I'm going to blog the shit out of you

The other day I had this customer come in 50 minutes before the store closed and purchase a LARGE, HEAVY piece of furniture. I started the whole delivery-for-a-nominal-fee versus "free" pick-up conversation. The customer asked (basically quote) "don't you have some beefy guys that can throw it in the back of my truck?" And I'm, like, "No." I thought he was joking. His tone was even sort of jokey, so I was playful. But when I chuckled and said no, shit got desperately serious.

He actually thought that we paid warehouse guys to stand around the store JUST IN CASE someone wanted to cheap out on delivery and have them hall a clearance floor model piece of furniture to a customer vehicle instead. The customer became pissy and wondered off to bitch into his cell phone. Meanwhile, I called the warehouse in a panic, hoping that someone was still there and that they would be able to hotfoot it over and haul the merch.

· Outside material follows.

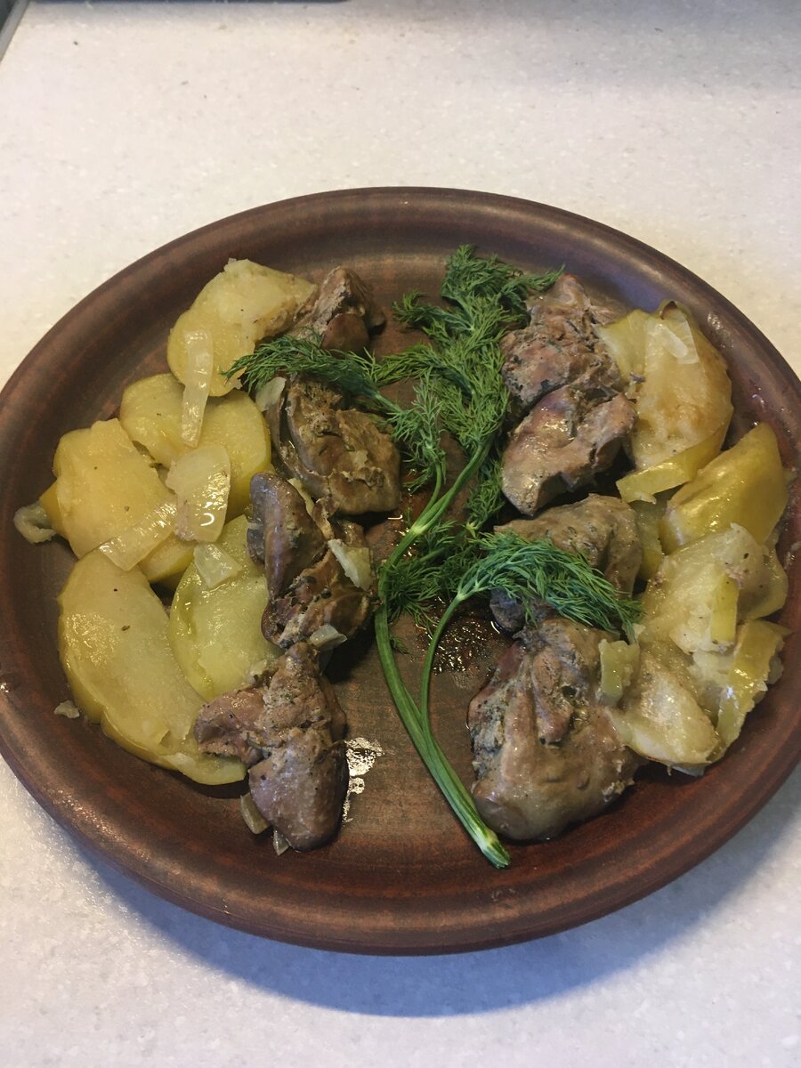 Очень часто встречаю этот рецепт куриной печени с пометкой "в банке" и постоянно думаю - отчего же не приготовить в глиняном горшочке? Может, в банке вкуснее?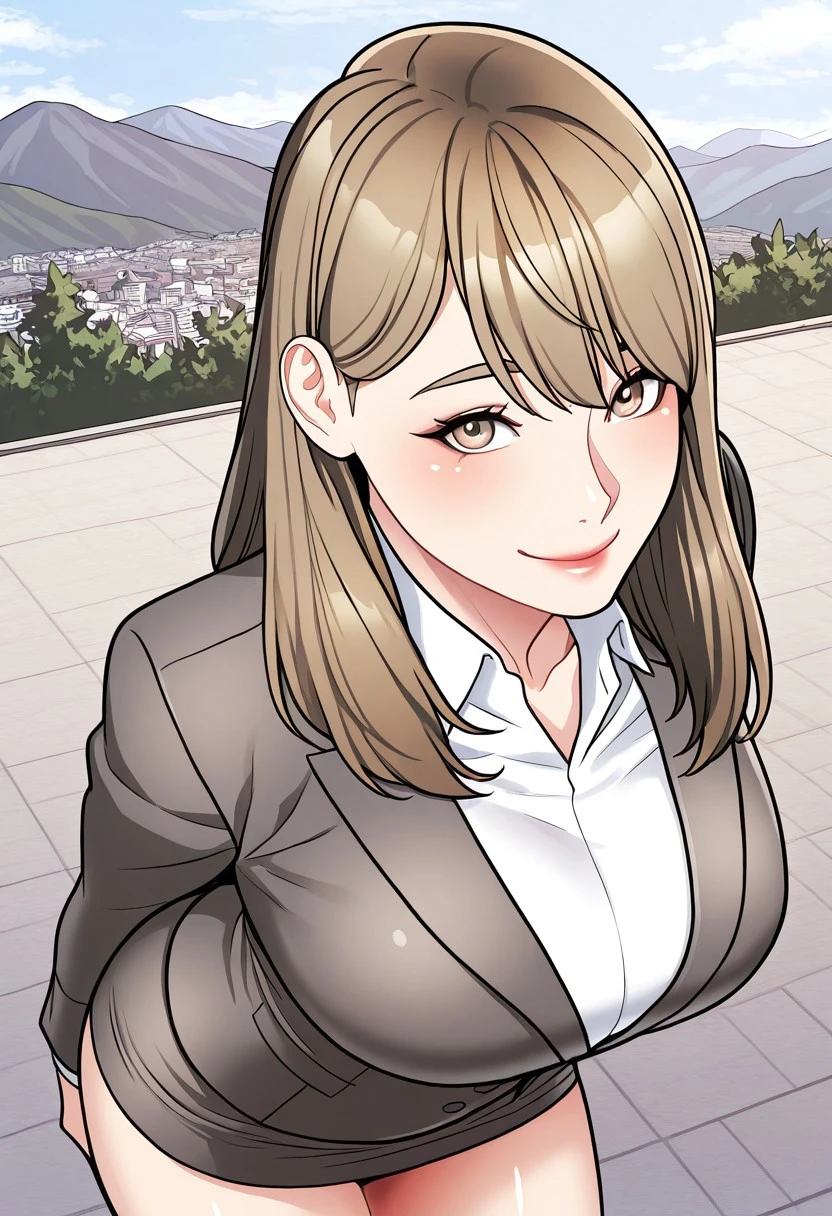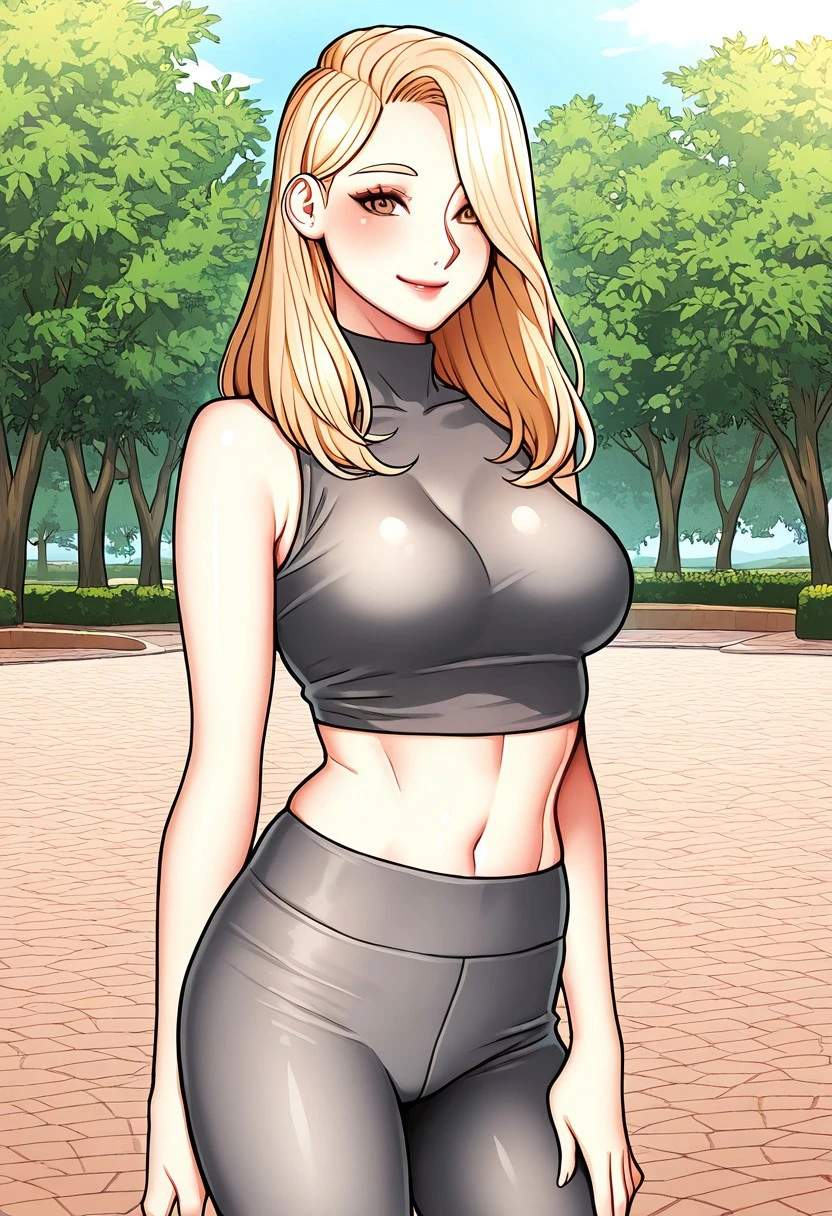 Geum Ah-Yeong: geum_ah-yeong, beautiful brown eyes, beautiful blonde hair, beautiful long hair, hair over one eyes, huge and shaggy breasts,

Luckily, someone was at the warehouse and he cheerfully came to help. BUT bitchy man customer was still put out EVEN THOUGH HE WAS GETTING EXACTLY WHAT HE WANTED (in all caps). He sat and pouted for the 12 minutes it took the warehouse staff to get there. I couldn't even look at him. When I did get a glimpse of him in my peripheral, I wanted to puke because he felt the need to keep being a jerk with this silent pissy attitude. Like, let it go man. And though the same could be said for ME, I will say in my defense that I get over situations pretty quickly. If there is some residual crappiness, I write there. But I honestly try to be humble, see both sides, and fucking forgive.

All I could think to pacify myself when he was sitting there is: "I'm gonna blog the shit out of you, unreasonable, stupid man." And that was reassuring.